Na primeira vez, na hora de fazer o exame físico, o instrutor pediu que eu tirasse a camisa: não fazia isso em público há uns cinco anos. Observei o balançar de sua cabeça, em negação. Ele olhava para a ficha que tinha em mãos e para as minhas costelas, quando lançou um: “você é todo errado, heim”. Tomei isso como um elogio: “vai ver que por errado ele quis dizer diferente, e por diferente alguma coisa especial, que foge do padrão”. Eu, o rapaz especial da academia, fui todo feliz no dia seguinte, completamente a fim de levantar uns supinos (supino é alguma coisa que se levanta?). Percebi que o instrutor não tirava os olhos da minha camiseta. Num dado momento ele vira pra mim e pergunta o que estava escrito nela. Era uma camiseta da banda californiana Black Flag:

- Black Flag

- Que quer dizer...

- Bandeira negra

- É racista essa coisa aí?

- De jeito nenhum!

- Tu é racista, né? Aí, se tu for racista eu vou chamar os meus colegas pra te encher de porrada.

- Que isso! Deve ser algum mal entendido! Longe de mim!

E assim terminou minha primeira saga em busca do corpo perfeito.

Ano passado resolvi tentar outra vez. Escolhi uma roupa que não pudesse afetar qualquer minoria. Por coincidência, quando cheguei no instrutor, havia um senhor de 72 anos também fazendo sua série. Talvez para poupar tempo o professor de ginástica deu a mesma série para nós dois. Achei estranho: um rapaz de 20 anos e um senhor de 72 fazendo os mesmos exercícios? Olhei com pena para o vovô: sabia que ele não resistiria. Nossos horários eram bastante próximos e pude perceber que meu colega de cabelos brancos era um bocado persistente. Passado um mês era hora de renovar a série. Fomos vovô e eu falar com o Jim Carrey (eu dou nomes aleatórios para os instrutores). O que aquele senhor tão esforçado pensaria quando Jim diminuísse sua carga e aumentasse vertiginosamente a minha? Mas não é que, para minha surpresa, O Máscara resolveu aumentar a série do Costinha (eu também dou nomes aleatórios aos alunos)? A minha seria tão forte que possivelmente eu teria que pedir para que o instrutor pegasse mais leve. Ele olhou para mim de forma estranha – logo imaginei que minha camisa pudesse conter alguma referência racista – e disse: “é, vamos manter assim um pouco mais?”. Na hora juro que não entendi direito, e simplesmente consenti. Depois, enquanto levantava alguns (poucos) supinos (supino é alguma coisa que se levanta?), é que me dei conta que o desempenho do senhor de 72 anos havia sido melhor do que o meu. Ainda continuei na academia por mais um mês, mas acabei desistindo ao perceber que aquele simpático senhor de cabelos brancos além de fazer uma série esmagadoramente mais pesada do que a minha ainda por cima conseguia correr o dobro de tempo na esteira.

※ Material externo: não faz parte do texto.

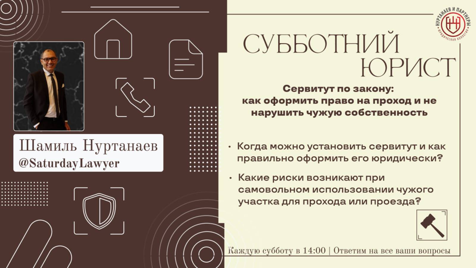Друзья, каждую субботу в Telegram-канале "Субботний юрист" (https://t.me/SaturdayLawyer) мы проводим для вас увлекательнейшие трансляции, тема которой подбирается на основе ваших обращений в Юридическую коллегию "Нуртанаев и партнеры" Каждый из вас может задать вопрос нам на сайте или в соцсетях по ссылке: https://clck.ru/3ByDxh Также, вы можете просто связаться с нами по номеру +7(495)006-78-08, по вашему желанию ответы прозвучат прямом эфире Скорее подписывайтесь, чтобы не пропустить следующую трансляцию: https://t.me/SaturdayLawyer

Pois bem, hoje, como já disse, fui estrear a minha terceira academia. E não é que, na hora de fazer a série, dei de cara com uma menina branquinha e magrinha, bonitinha mesmo, com um livro do Goethe debaixo do braço (Os anos de aprendizado de Wilhelm Meister – espirituosamente ainda perguntei se ela utilizaria esse “tijolinho” como peso)?! Ao explicar que fazia ciências sociais, ficamos um tempo discutindo o conceito lukácsiano de reificação enquanto fazíamos abdominais em uma bola gigante de borracha amarela. O resto você já imaginam: passamos horas andando na esteira e recitando Virgílio e nos questionando sobre a superioridade ou não de Balzac sobre Stendhal – ela argumentava que O vermelho e o negro fluía melhor, que a narrativa era menos truncada, e eu insistia em ressaltar as qualidades sociológicas do autor da Comédia Humana. Depois, enquanto levantávamos nossos respectivos supinos (supino é alguma coisa que se levanta?), relembramos alguns apelidos divertidos que o José Guilherme Merquior dava a certos filósofos, tais como Derridá-ou-desce e Foucault, o Nietzsche calvo de Saint-Germain-des-Prés, e ficamos nós também dando apelidos engraçadinhos aos instrutores e aos alunos.








*Tá bom, tirando o trecho que envolve a menina branquinha e magrinha juro que todo o resto é verdade.